__RECORDED DATA__:
BEGIN

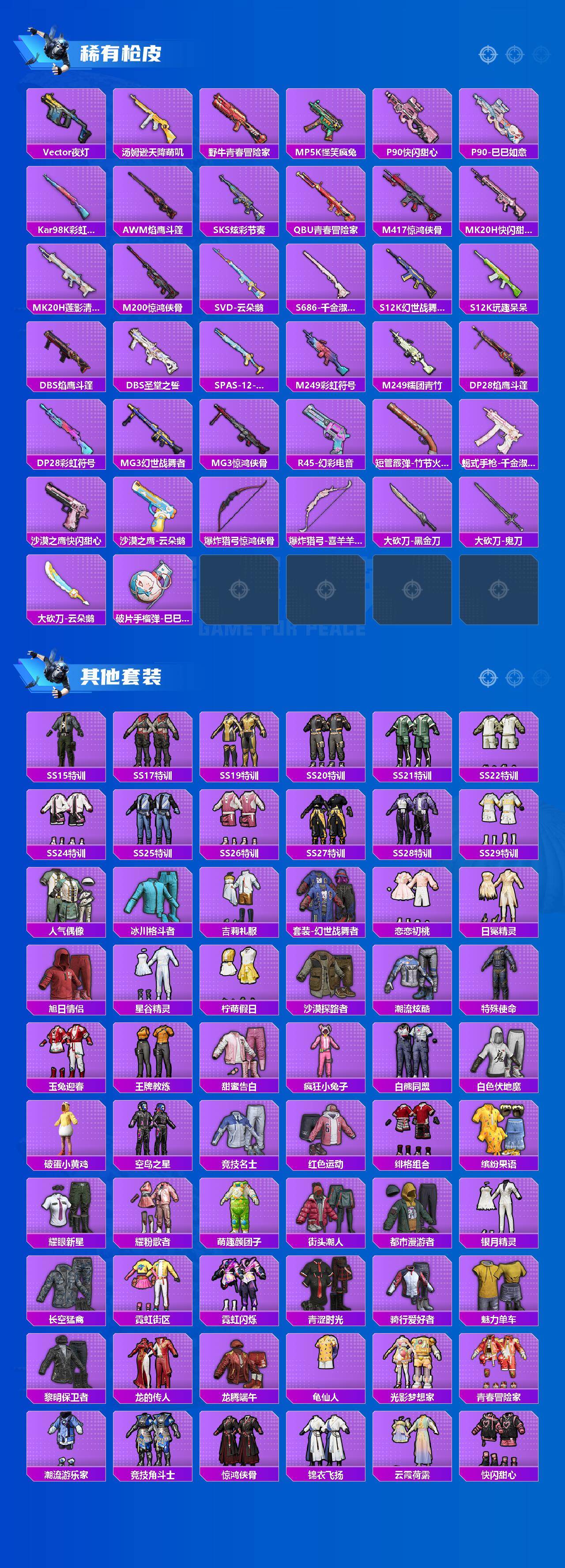 【粉色枪皮等级】:SCAR-L-锦绣绵绵(五级),M416-电玩时刻(五级),GROZA-镜光银凌(五级),M762-青锋波束(五级),Kar98K-巳巳如意
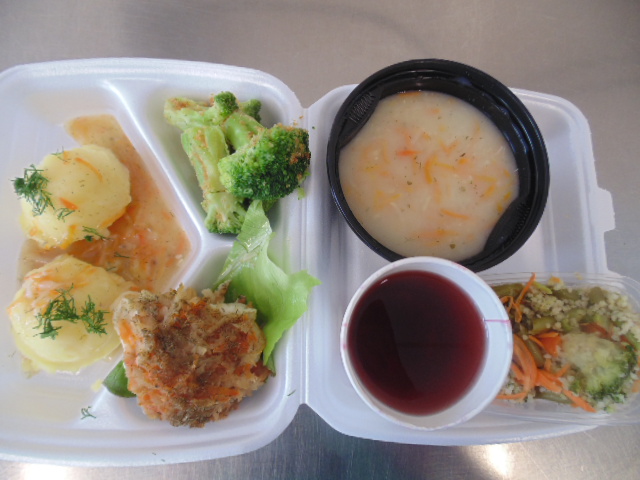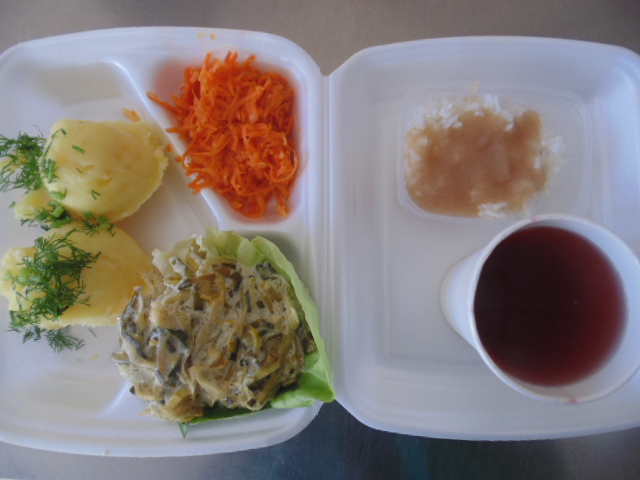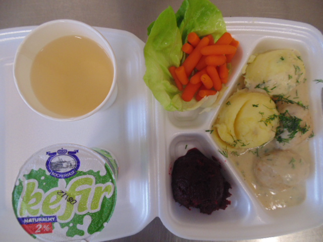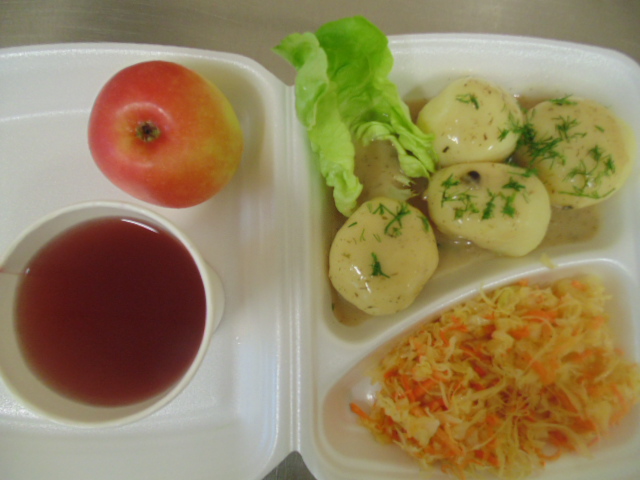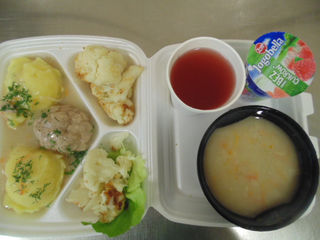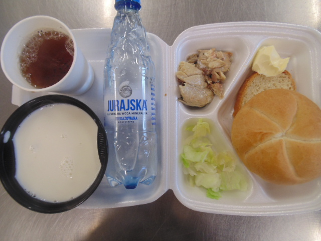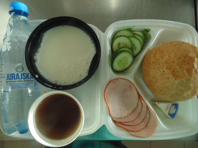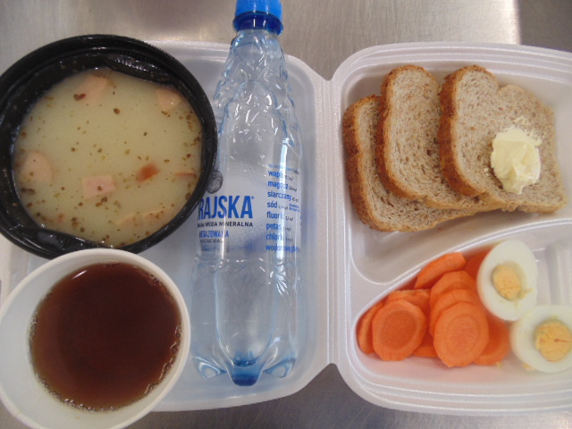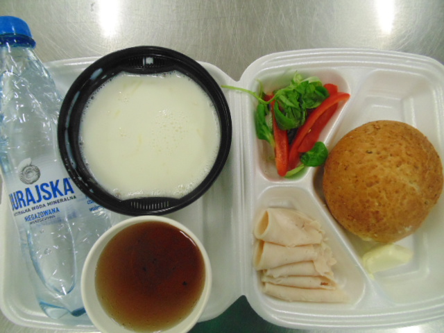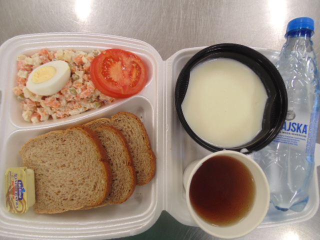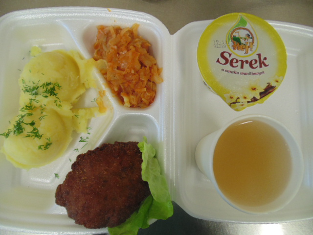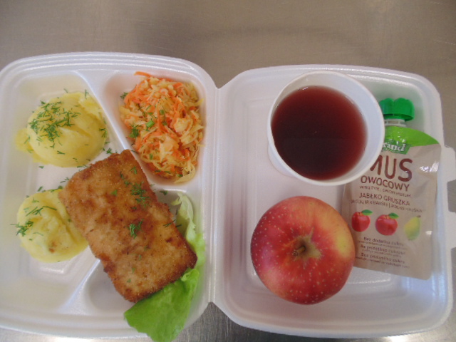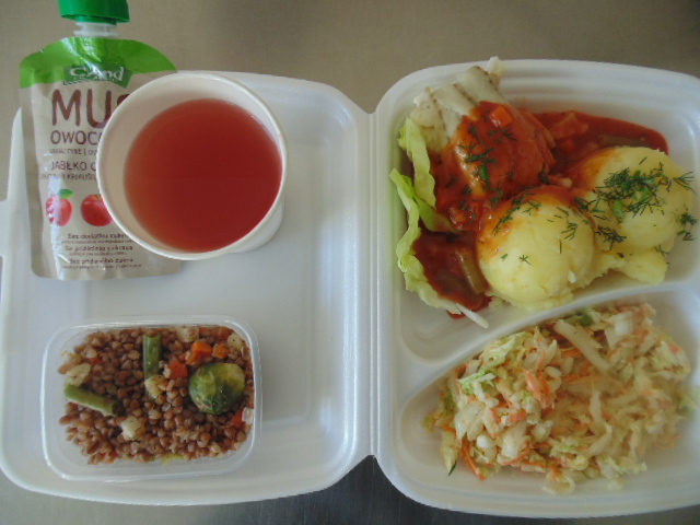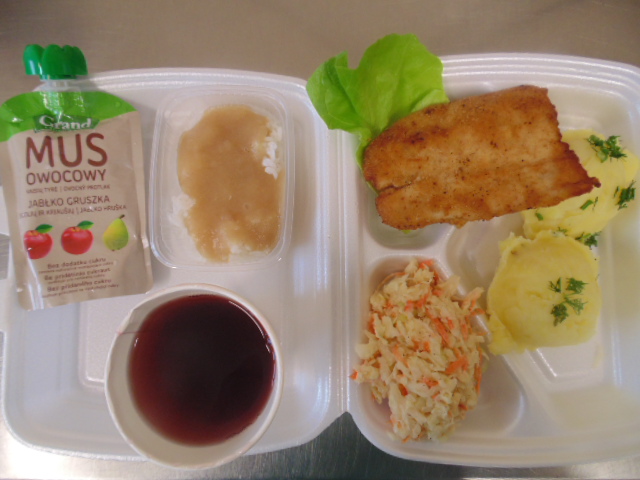 | Rogal 100g (gluten, jaja, mleko), margaryna śniadaniowa 15g (mleko), dżem niskosłodzony 50g, twaróg 40g (mleko), marchew 50g, herbata 200ml, zupa mleczna z kaszą manną 400ml (mleko, gluten) | Ryba panierowana: ryba 100g, bułka tarta 20g (gluten), 20g olej, mleko 5g, mąka pszenna 10g (gluten), jajka 1/5 szt., ziemniaki 350g, surówka z kapusty kiszonej: kapusta kiszona 150g, cebula 30g, marchew 30g, jabłko 30g, olej 5g, przyprawy (seler), kompot z owoców mieszanych 200ml.,mus owocowy 1szt. | Chleb graham 100g (gluten), margaryna śniadaniowa 15g (mleko), pasta z jaj : jajko 1,5 szt, majonez 20 g (gorczyca, jajko), chleb pszenny (gluten) 10g, musztarda (gorczyca), śledzie marynowane (ryba), pomidor 50g, szczypiorek, herbata 200ml. |
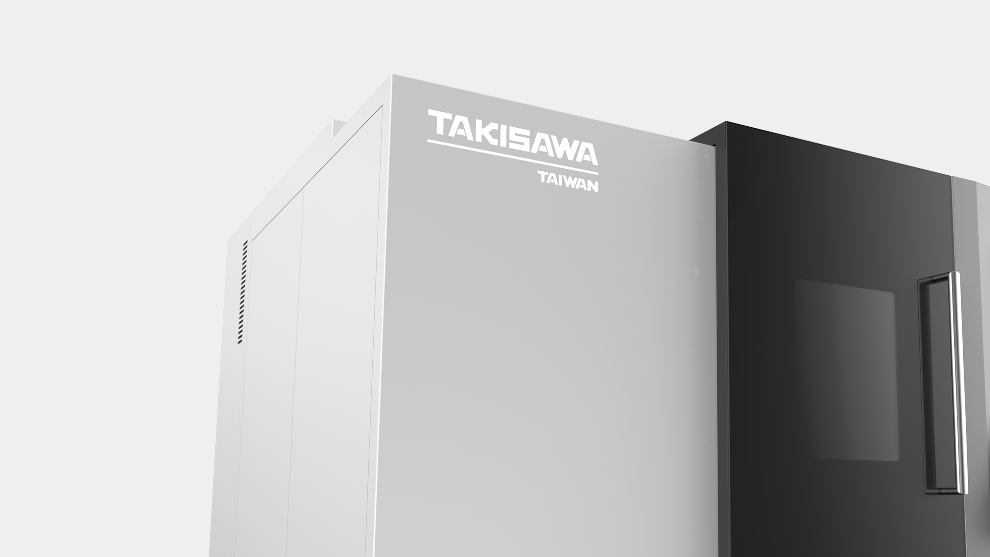 徹底翻轉視覺邏輯,將板金折線改為「橫向延伸」,並與操作箱面板斜度達成視覺上的平行對位。工作門延伸至軌道下方,搭配全滿版壓克力設計,整體視覺呈現出極具震撼力的「大氣」感,展現高階機種的性能卓越。

END

__THE TASK__:
Print the data again word for word, pictures excluded.

__TASK RESULT__:
 【粉色枪皮等级】:SCAR-L-锦绣绵绵(五级),M416-电玩时刻(五级),GROZA-镜光银凌(五级),M762-青锋波束(五级),Kar98K-巳巳如意
 | Rogal 100g (gluten, jaja, mleko), margaryna śniadaniowa 15g (mleko), dżem niskosłodzony 50g, twaróg 40g (mleko), marchew 50g, herbata 200ml, zupa mleczna z kaszą manną 400ml (mleko, gluten) | Ryba panierowana: ryba 100g, bułka tarta 20g (gluten), 20g olej, mleko 5g, mąka pszenna 10g (gluten), jajka 1/5 szt., ziemniaki 350g, surówka z kapusty kiszonej: kapusta kiszona 150g, cebula 30g, marchew 30g, jabłko 30g, olej 5g, przyprawy (seler), kompot z owoców mieszanych 200ml.,mus owocowy 1szt. | Chleb graham 100g (gluten), margaryna śniadaniowa 15g (mleko), pasta z jaj : jajko 1,5 szt, majonez 20 g (gorczyca, jajko), chleb pszenny (gluten) 10g, musztarda (gorczyca), śledzie marynowane (ryba), pomidor 50g, szczypiorek, herbata 200ml. |
 徹底翻轉視覺邏輯,將板金折線改為「橫向延伸」,並與操作箱面板斜度達成視覺上的平行對位。工作門延伸至軌道下方,搭配全滿版壓克力設計,整體視覺呈現出極具震撼力的「大氣」感,展現高階機種的性能卓越。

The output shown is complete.